GR : Le Hamas cherche explicitement à éliminer l'État juif mais quels sont les moyens dont il dispose ? La conquête militaire paraît illusoire. Le but est-il de terroriser Israël, de provoquer des conflits entre Juifs israéliens et Arabes, de mettre fin aux investissements étrangers, de démoraliser les Juifs israéliens et de les faire quitter Israël ?
DP : Oui, l'objectif consiste précisément à harceler les Juifs israéliens au point qu'ils abandonnent le pays. Malheureusement pour le Hamas, cette tactique a complètement échoué : les Israéliens se hissent très haut dans le classement du bonheur, ils bénéficient d'une économie développée, de l'état de droit, de la démocratie et d'un haut niveau de sécurité personnelle. Centré sur son fanatisme, le Hamas ne semble pas être conscient de cette situation et continue d'utiliser les mêmes méthodes, aussi vaines qu'abominables.
GR : La plupart des puissances extérieures soutiennent une solution à deux États, à l'instar de la gauche israélienne et de l'Autorité palestinienne. Cette solution est-elle encore pertinente quand on sait que la droite israélienne et le Hamas n'en veulent pas ?
DP : À court terme, non. La solution à deux États n'a aucune pertinence pour les raisons que vous citez. La plupart des Israéliens la craignent et la plupart des Palestiniens veulent l'élimination d'Israël. Mais à long terme, la solution à deux États continue d'offrir la seule réponse potentiellement satisfaisante à l'un des conflits les plus insolubles du monde. Une fois que les Palestiniens auront subi la défaite et auront cessé de croire qu'ils peuvent éliminer l'État juif d'Israël, s'ouvrira la perspective d'une solution à deux États. Mais il s'agit d'une perspective de plusieurs années voire de décennies.
La carte en vigueur de 1949 à 1967, quand l'Égypte contrôlait Gaza et la Jordanie, la Cisjordanie. |
DP : Ce sont exactement les alternatives à court terme.

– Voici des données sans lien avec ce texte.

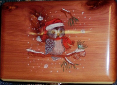 This is a cute little owl caught out in a mid-winters storm. He is so adorable anyone would enjoy owning this wonderful gift. The softer colors really compliment the cedar wood, and the design gives you the feel of that winter storm. The design is woodburned by hand and oil pencil used for color. We offer a free inscription on the inside lid of all our products.
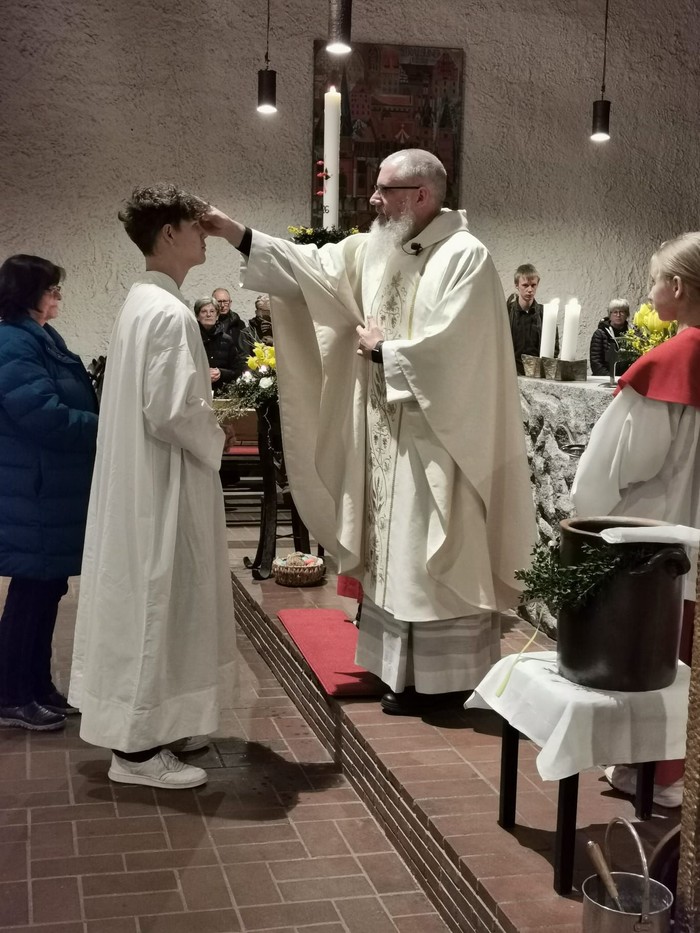Wir feierten die Auferstehung unseres Herrn und erfuhren "hautnah" seine Nähe, als Lennard Jacob die Taufe empfing und in der Firmung die Stärkung des Heiligen Geistes.
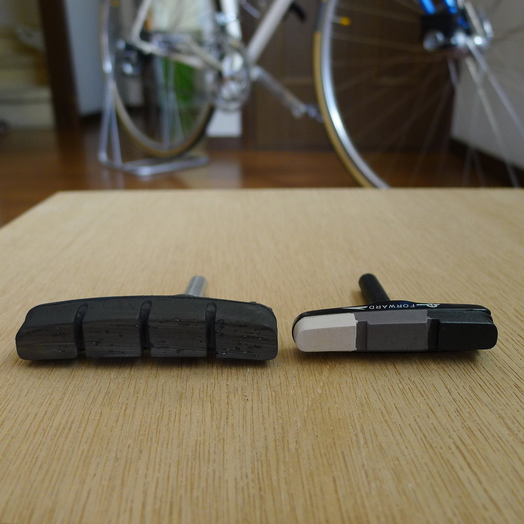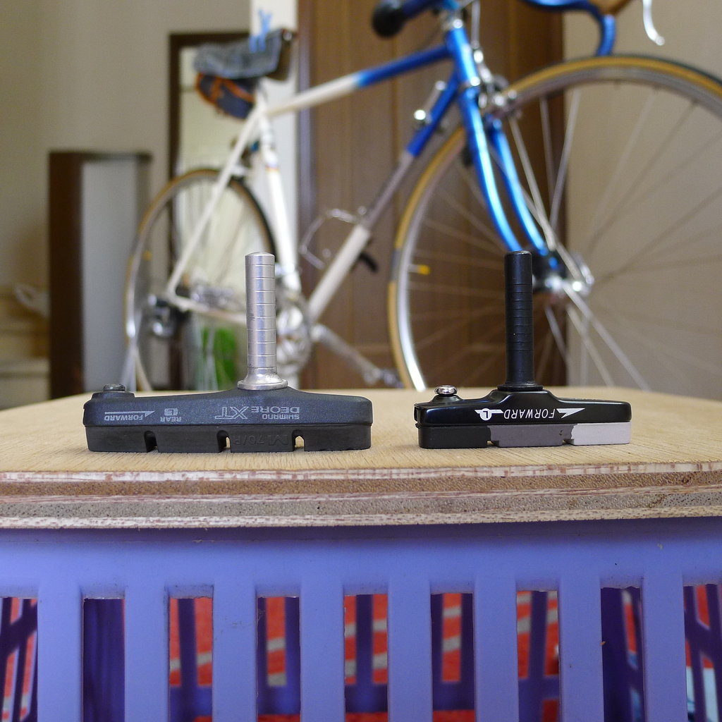 ケルビムから外したカンチブレーキセットだったシュー(約70mm長)を小さいこの三色アイスブレーキシュー(約55mm長)に交換します。
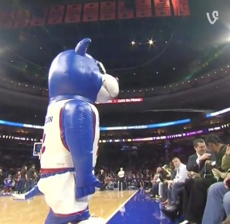 Um, so What Is This Sixers Blowup Franklin Spraying on Fans in the First Row?
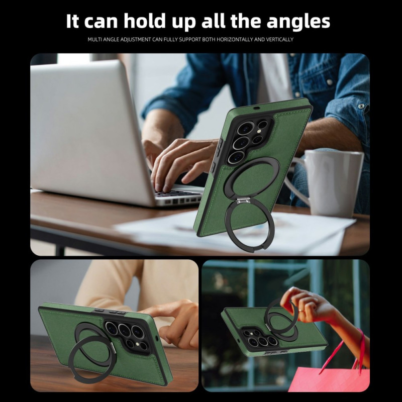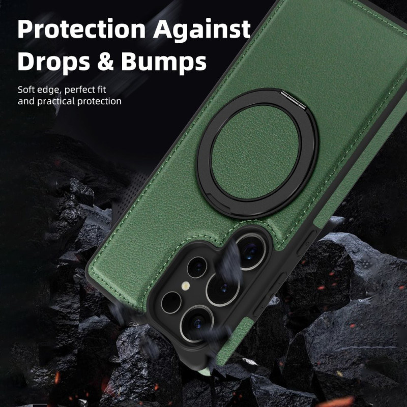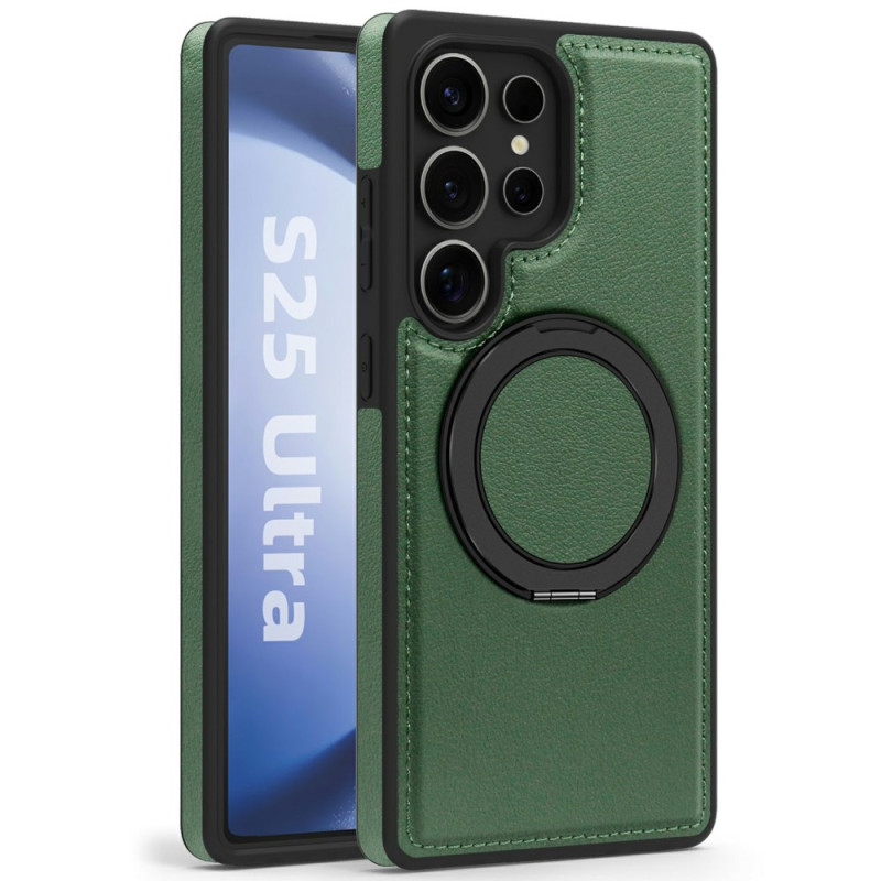 Entdecken Sie unsere innovative magnetische Hülle für das Samsung Galaxy S25 Ultra. Sie verfügt über einen um 360° drehbaren Ring und bietet dank ihrer Kombination aus TPU, PC und PU-Leder einen robusten Schutz.
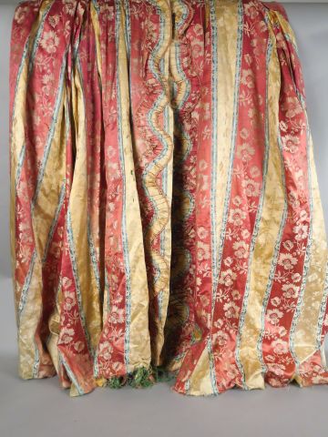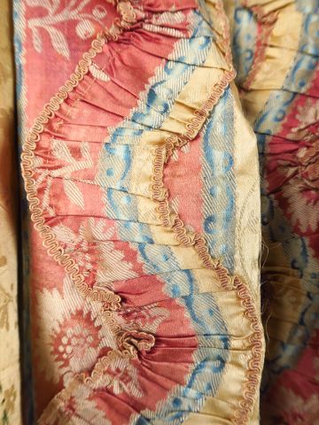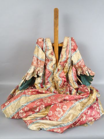 Manteau d’une robe à la française, époque Louis XVI, manches sabots à deux rangées de volants, falbalas sur le parement de devant , soie façonnée, à rayures roses bleues et jaunes décor Louis XVI de grosses fleurs monochromes. Doublure totalement dégradée et manquante par endroit. Quelques trous. Quelques déchirures manques, soie fusée par endroit ourlet déchiré (7)
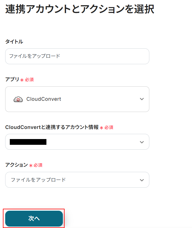 「CloudConvertと連携するアカウント情報」が任意のものに設定されていることを確認したら、「次へ」をクリックします。
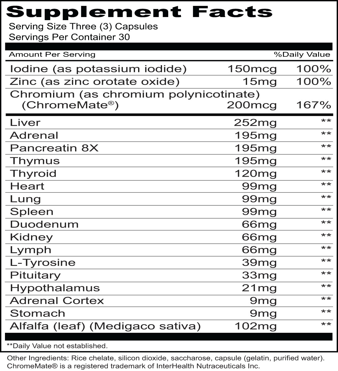If you are pregnant or breastfeeding, consult your physician before using this product. This product contains naturally occurring adrenal and thyroid hormones that may cause reactions with other medications. If heart palpitations occur, discontinue use. Do not exceed four (4) capsules in a 24-hour period.
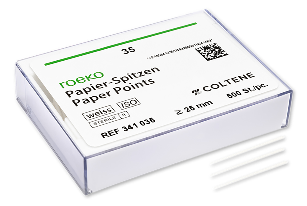 ROEKO weiße Papierspitzen ermöglichen die Kontrolle der Wurzelkanalreinigung und -trocknung. Die Papierspitzen sind als Sortiment oder in Einzelgrößen von ≥ 25 mm erhältlich.
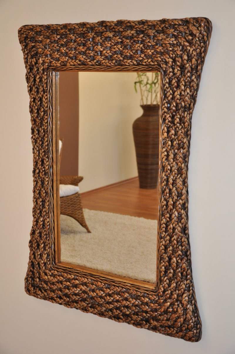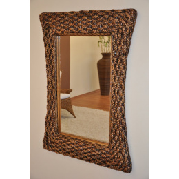 Rám zrcadla je vyroben z přírodního ratanu a výplet je tvořen ze stonků vodního hyacintu.
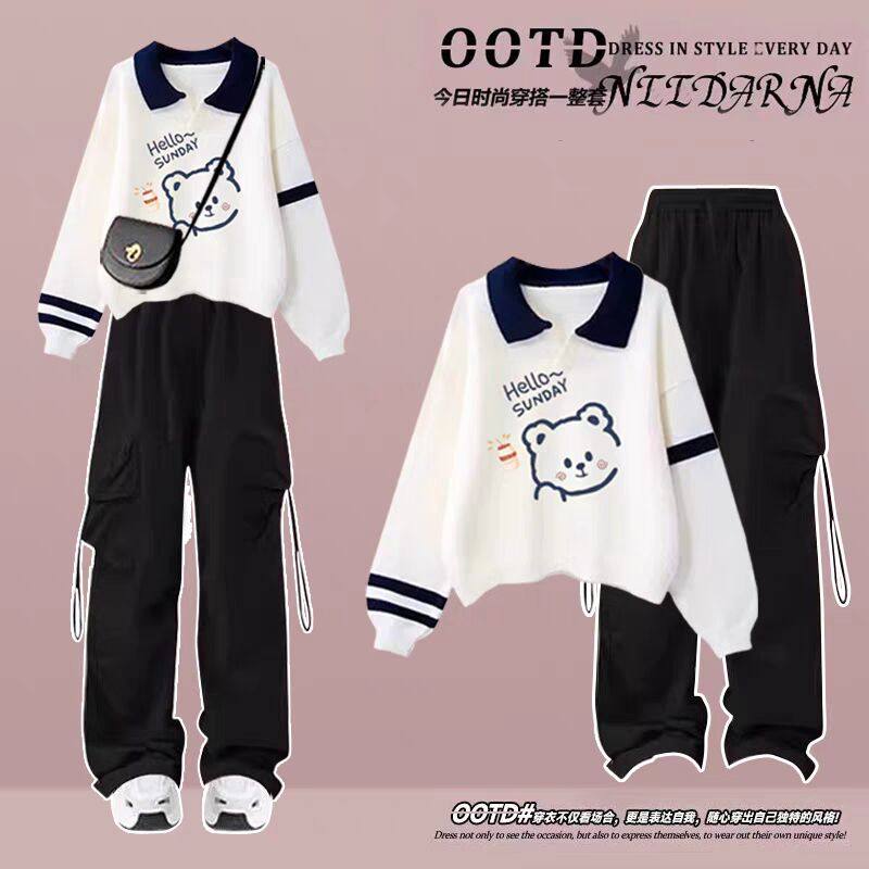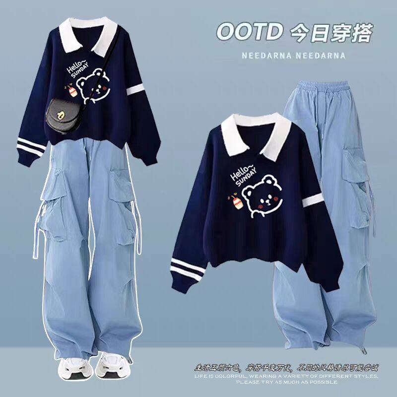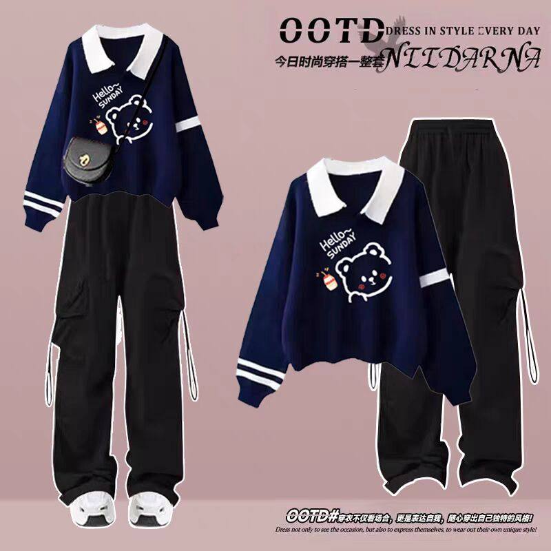 青少年秋季大童14初中生卫衣女套装2024新款polo领工装裤套装酷潮
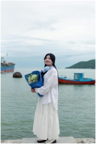 Young Woman Bouquet Sea
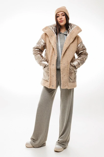 Куртка женская комбинированная из экомеха "тедди" и плащёвой ткани с фигурной стёжкой на утеплителе isosoft 200. Куртка прямого силуэта, со спущенным плечом и втачным одношовным рукавом. Воротник – стойка, высокий. Застежка центральная на притачных планках, застегивающихся на кнопки. По полочкам настрочены накладные карманы с клапаном из гладкой плащевой ткани.
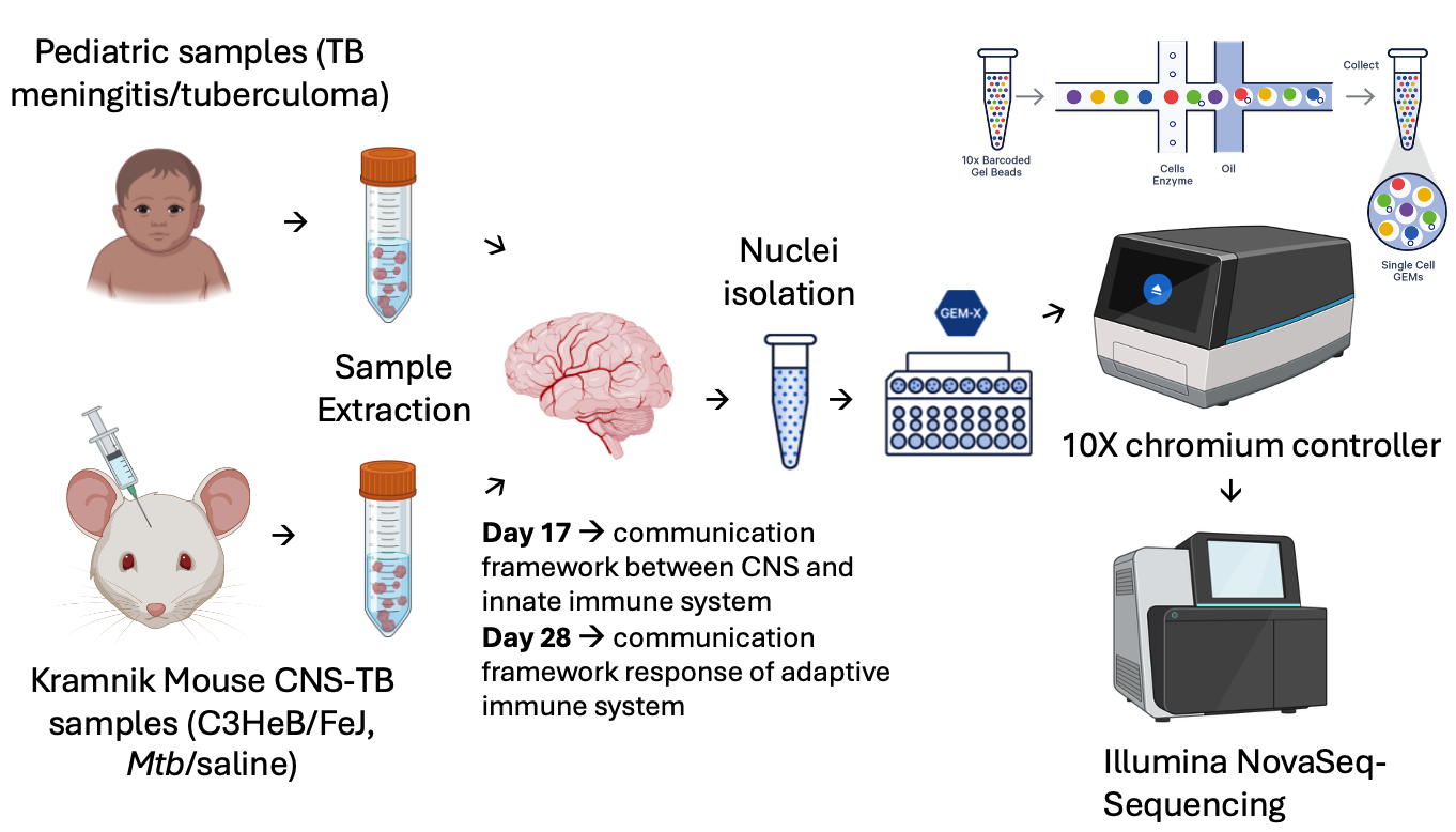 CNS-TB is the most severe extra pulmonary form of the tuberculosis, which can have a fatality rate of up to 80%. Significant barriers to understanding disease pathogenesis exist, which translates to poor diagnosis and treatment outcomes. Improved insight into the cell-type-specific responses to infection in CNS-TB will help us understand the mechanisms associated with the development of CNS-TB and different CNS-TB outcomes. Ultimately this will allow us to develop novel, effective, and broadly accessible therapeutics. In collaboration the African Brain Child group at the Neuroscience Institute and the Experimental Tuberculosis and Immunology Research group in the Institute of Infectious Disease & Molecular Medicine, we are using single cell RNA-seq and spatial transcriptomics approaches to investigate the transcriptional changes induced by M. tuberculosis infection of the brain under clinical and experimental conditions.
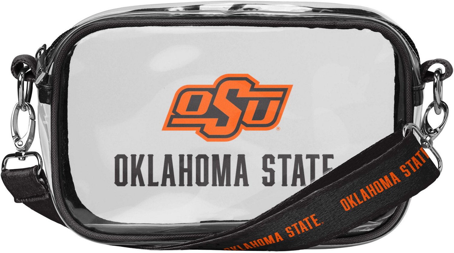 Complement your outfit with the perfect game day accessory when carrying the FOCO Oklahoma State University Clear Camera Bag. The lightweight yet tough PVC body is transparent, letting you easily see and locate bag contents, while an ergonomic shoulder strap keeps carrying comfortable. Printed team graphics show everyone who you're rooting for.
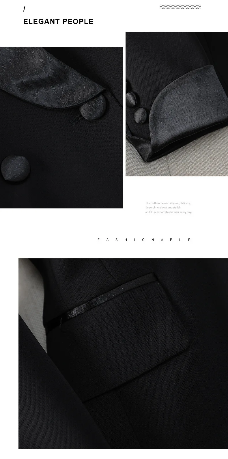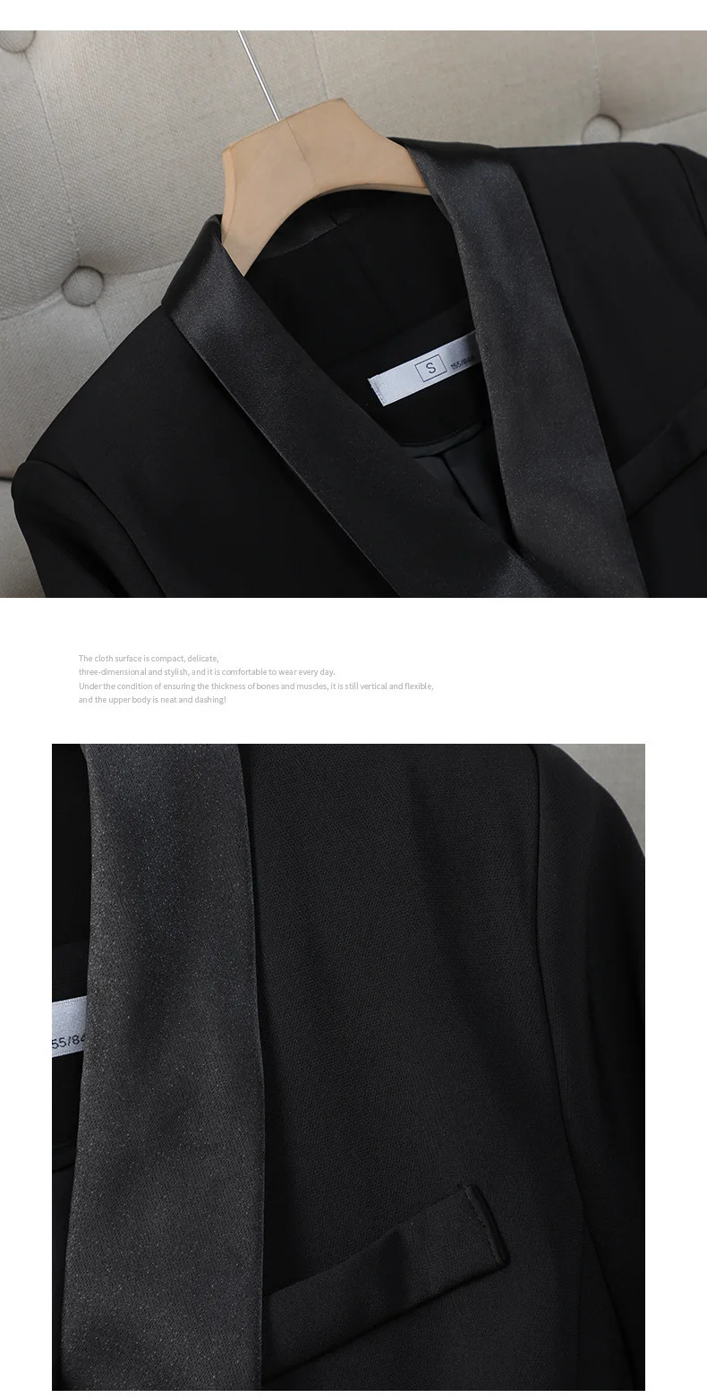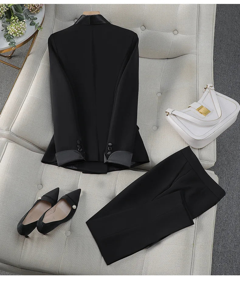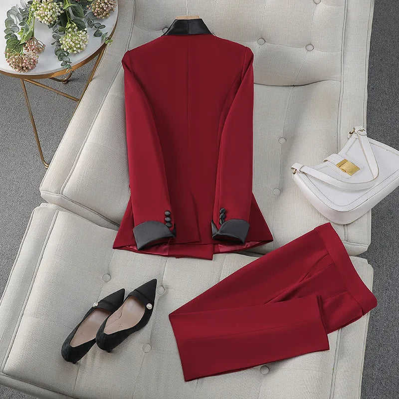 The Anne two-piece suit set is expertly crafted for the professional woman, featuring a tailored blazer and slim-fit long trousers. This combination delivers a sleek, modern silhouette ideal for office environments, providing both style and comfort. Perfect for business meetings or formal occasions, it ensures a polished and confident appearance throughout your workday.

Personnellement, je préfère l'option « égypto-jordanienne ».
GR : Le nombre d'Israéliens vivant en Cisjordanie est passé à 450 000. Sont-ils un obstacle à une solution à deux États ?
DP : Pas du tout, dans l'hypothèse où les Juifs peuvent vivre dans un État palestinien tout comme les Palestiniens vivent dans l'État juif. C'est cette option qui doit prévaloir. Dans l'hypothèse contraire où un demi-million d'Israéliens devraient plier bagages et quitter la Cisjordanie, cela voudrait dire que les Juifs n'ont pas encore été acceptés. Dans ce cas, le conflit continuera.
GR : Les demandes de sanctions contre Israël afin d'arrêter ses implantations en Cisjordanie sont-elles foncièrement antisémites ?
DP : Oui, bien entendu, étant donné que ceux qui émettent de telles revendications ne formulent pas d'exigences similaires concernant le Maroc au Sahara occidental, la Turquie au nord de Chypre ou la Chine au Tibet et au Turkestan oriental.
GR : Pouvez-vous expliquer le concept de Victoire d'Israël que vous avez créé et que promeut le Middle East Forum ?
DP : Les guerres se terminent lorsqu'un des deux camps abandonne. Pour que le conflit israélo-palestinien prenne fin, Israël doit poursuivre des politiques qui convainquent les Palestiniens de l'inanité de leurs objectifs. Agir de la sorte profiterait évidemment aux Israéliens mais encore plus aux Palestiniens qui pourront enfin commencer à construire leur politique, leur économie, leur société et leur culture.